Tien redenen waarom ik (graag) fiets

Hoe - door wie en wat - komt het dat ik zo graag fiets?
1.Door mijn vader. Op mijn elfde kreeg ik mijn eerste racefiets en sinds die tijd nam hij mij (en mijn broer) geregeld mee 'op oefening'. Nergens was ik dichter bij hem dan op de fiets.
2.Door mijn jongensdromen. Als kind wilde ik graag coureur worden en de hoogste bergen uit de Tour beklimmen. Als een jongetje van vijf, zo kijk ik nog steeds het liefst naar de koers.
3.Door het rustgevende. Nergens vindt mijn hoofd zoveel rust als op de fiets: lekker afzien zuivert het gemoed!
4.Door het meditatieve: op de fiets lijken mijn gedachten zich te ordenen, de woorden zoeken er hun plaats op in een zin.
5.Door mijn gezin. Ik heb het geluk dat mijn vrouw en mijn zonen graag fietsen. (Met mijn zonen en hun vrienden mocht / mag ik geregeld op fietsweekend.)
6.Door kompanen, met wie ik tradities in ere hield en houd.
7.Door de koers: ik vind het heerlijk om heuvelzones, cols en finales uit bekende koersen aan mijn palmares toe te voegen. Ook dwaze ondernemingen kunnen mij bekoren.

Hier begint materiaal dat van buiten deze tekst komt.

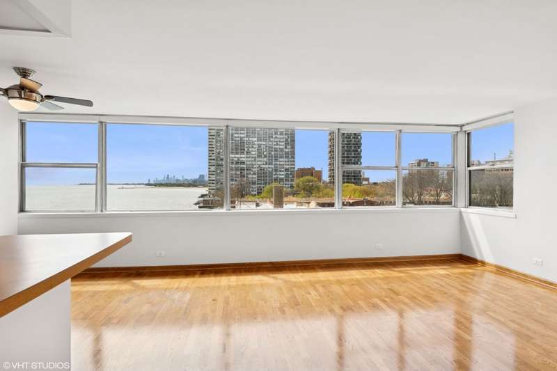 Residence 6V will not disappoint. Enjoy unobstructed views of Lake Michigan, Downtown City Skyline, Navy Pier, fireworks, Edgewater Beach, completely breathtaking from southwest corner Residence sun-drenched with natural sunlight. Residence 6V, renovated features formal entry, wood laminate floors throughout entire unit including bedroom, bathroom, with pedestal sink, new toilet, medicine cabinet, shower glass, tub/ shower combined, gracious bedroom with built in Armoires for folded and hanging clothing storage. Open kitchen concept with beautiful scenic views, breakfast bar, all wood cabinetry, separate dining area, more than adequate living space. Newer windows. Roller shades throughout. Full amenity building features 24 hour doorstaff, onsite maintenance, management and engineering staff. Complete gym, roof top deck for 360 degree views, bicycle storage. Steps away from the Chicago Express bus and EL stop making this a very public transpiration friendly location to Downtown and Loyola University's Campus. Rent includes tangible items including cable, internet, and heat. Electricity is paid outside rent by Tenant. Building offers garage parking for additional fee. No storage with this unit. Renovated unit is available NOW, professionally deep cleaned and freshly re-painted. Parking available through the building at $158 per month, no waiting list

8.Door de vreugde van het leveren van een prestatie in een zielstrelend decor: daar heerst kilometers lang het esthetisch & atletisch genot, daar wordt er aan mijn ziel gepeuterd, daar voeren adrenaline & endorfine een vrolijk dansje op.
9.Door de gezondheidsgedachte, geregeld fietsen kan geen kwaad, hoewel, je moet wel de stoeprandjes mijden!
10.Door het gebrek aan rijbewijs en auto is de fiets mijn/ons enige vervoermiddel.